So for sentences that don't have a definite negative or positive tone and can be a little like facts, polarity doesn't do a great job, but subjectivity if the sentence is short and the tone clear, it can show good results as you can see in the table bellow. Go ahead and experiment yourself with different words and sentences to see how it performs.

### more info:
You may say that we can change this and it is true we can do something rather different. Hopefully TextBlob provides us with a NaiveBayesClassifier that you can train on your own and then ask it to classify your text based on that labeled data.

But still even this classifier isn't our best bet as it won't help us with polarity and we have to provide a lot of data to a model that is not the best model for text classification.
Though you can find some datasets online([like these two from IBM datasets](https://www.research.ibm.com/cgi-bin/haifa/vst/debating_ds19.pl)) that have a large lexicon with specified polarity and maybe train your naive bayes on them to improve your classification. But as they are so much better models out there for sentiment classification, personally I won't get into its details.




In [None]:
TextBlob('Fewer people are dying everyday').sentiment.polarity

In [None]:
# first df
first_sent['polarity'] = first_sent.sent.apply(lambda x: TextBlob(x).polarity)
first_sent['subjectivity'] = first_sent.sent.apply(lambda x: TextBlob(x).subjectivity)
first_sent['sentiment'] = first_sent.polarity.apply(lambda x: 4 if x>0.6 else 3 if x>0.2 else 2 if x>-0.2 else 1 if x>-0.6  else 0)

# second df
second_sent['polarity'] = second_sent.sent.apply(lambda x: TextBlob(x).polarity)
second_sent['subjectivity'] = second_sent.sent.apply(lambda x: TextBlob(x).subjectivity)
second_sent['sentiment'] = second_sent.polarity.apply(lambda x: 4 if x>0.6 else 3 if x>0.2 else 2 if x>-0.2 else 1 if x>-0.6  else 0)
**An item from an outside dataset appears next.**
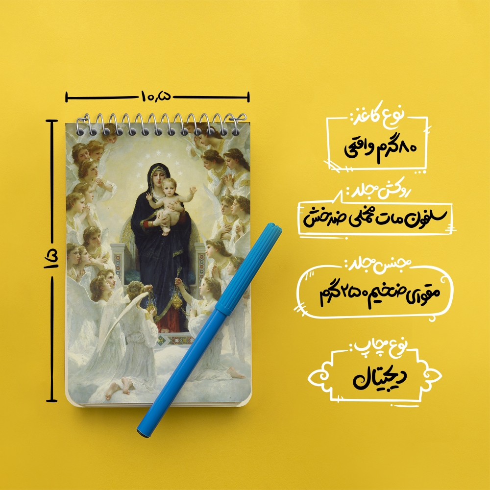 برند خندالو در زمینه تولید انواع دفاتر فانتزی و تحصیلی فعالیت میکند که به دلیل جذابیت ظاهری و طرح های متنوع طرفداران زیادی دارد. دفتر یادداشت خندالو طرح نقاشی باکره با فرشتگان اثر ویلیام بوگرو محصولی مناسب برای همه عاشقان لوازم التحریر است و همچنین همه کسانی که بنا به موقعیت تحصیل یا شغلشان با دفتر و نوشت افزار زیاد سر و کار دارند. در تولید دفتر یادداشت خندالو طرح نقاشی باکره با فرشتگان اثر ویلیام بوگرو از نوع صحافی فنر مارپیچ استفاده شده که در این نوع صحافی برگهها به راحتی چرخیده و یا بیرون آورده می شوند. دفتر های خندالو دارای جلد انعطاف پذیر از جنس مقوای گلاسه 250 گرم با روکش سلفون مات مخملی است که به شما امکان میدهد از دفتر خود بدون اینکه نگرانی از شکستن یا خراب شدن جلد را داشته باشید استفاده کنید و همچنین در این دفاتر از کاغذ 80 گرم با کیفیت استفاده شده که باعث میشود هنگام نوشتن به خوبی جوهر قلم بر روی صفحه نشسته و از خط خوردگیها جلوگیری کند. دفتر یادداشت خندالو با جنس و دوام مناسب، برگه های کاملاً سفید و خطوط طوسی دقیق را داراست که انسان را به نوشتن منظم و زیبا ترغیب میکند. طراحی کاملاً مناسب این دفاتر، به همراه کیفیت بالا، از آن یک محصول مورد علاقه و قابل اعتماد برای همه مقاطع تحصیلی میسازد. دفتر یادداشت خندالو طرح نقاشی باکره با فرشتگان اثر ویلیام بوگرو انتخابی هوشمندانه و مناسب برای افرادی است که به دنبال دفتری با کیفیت و کاربرد عالی هستند. این دفتر، همراه خوبی برای شما در تمام مراحل تحصیل و کار خواهد بود و تجربهای لذتبخش از نوشتن و آموختن را به شما هدیه میدهد.

first_sent.reset_index(drop = True, inplace = True)
second_sent.reset_index(drop = True, inplace = True)

In [None]:
both = pd.concat([first_sent, second_sent], axis = 0)
fig = go.Figure()
fig.add_trace(go.Histogram(
    x=both[both.speaker == 'Donald Trump'].subjectivity,
    name='Trump',  xbins=dict(start=-1, end=2, size=0.1),
    marker_color='red', opacity=0.75))

fig.add_trace(go.Histogram(
    x=both[both.speaker == 'Joe Biden'].subjectivity,
     name='Biden', xbins=dict(start=-1, end=2, size=0.1),
    marker_color='#3498DB', opacity=0.75))

fig.update_layout(
    title_text="Number of Sentences used by Debaters with different Subjectivities",
    yaxis_title_text='Number of Sentences', 
    xaxis_title_text='Subjectivity',
    bargap=0.1, bargroupgap=0.1)

What we see here is that Trump has more sentences with 0 subjectivity(uses more neutral statements), but we cannot conclude that he talks less subjectivly because as we saw earlier he dominates around 40 percent of the conversations and therefore it is normal to see him have more neutral words. But interestingly, there is only one time when Biden wins over Trump by using twise as much sentences with 0.8 subjectivity on the right hand side of the graph.

In [None]:
cmap = cmap=sns.diverging_palette(5, 250, as_cmap=True, )

first_sent.loc[(first_sent['polarity']>0.6) | (first_sent['polarity']<-0.6),['speaker', 'sent', 'polarity']].head(15).style.background_gradient(cmap, subset=['polarity'])

In [None]:
fig = make_subplots(rows=2, cols=2,
                    specs=[[{"rowspan": 2}, {}]
                            ,[None,         {}]],
                    subplot_titles=("Both Debates and all sentences",
                                    "First Debate individual candidates", 
                                    "Second Debate Debate individual candidates"))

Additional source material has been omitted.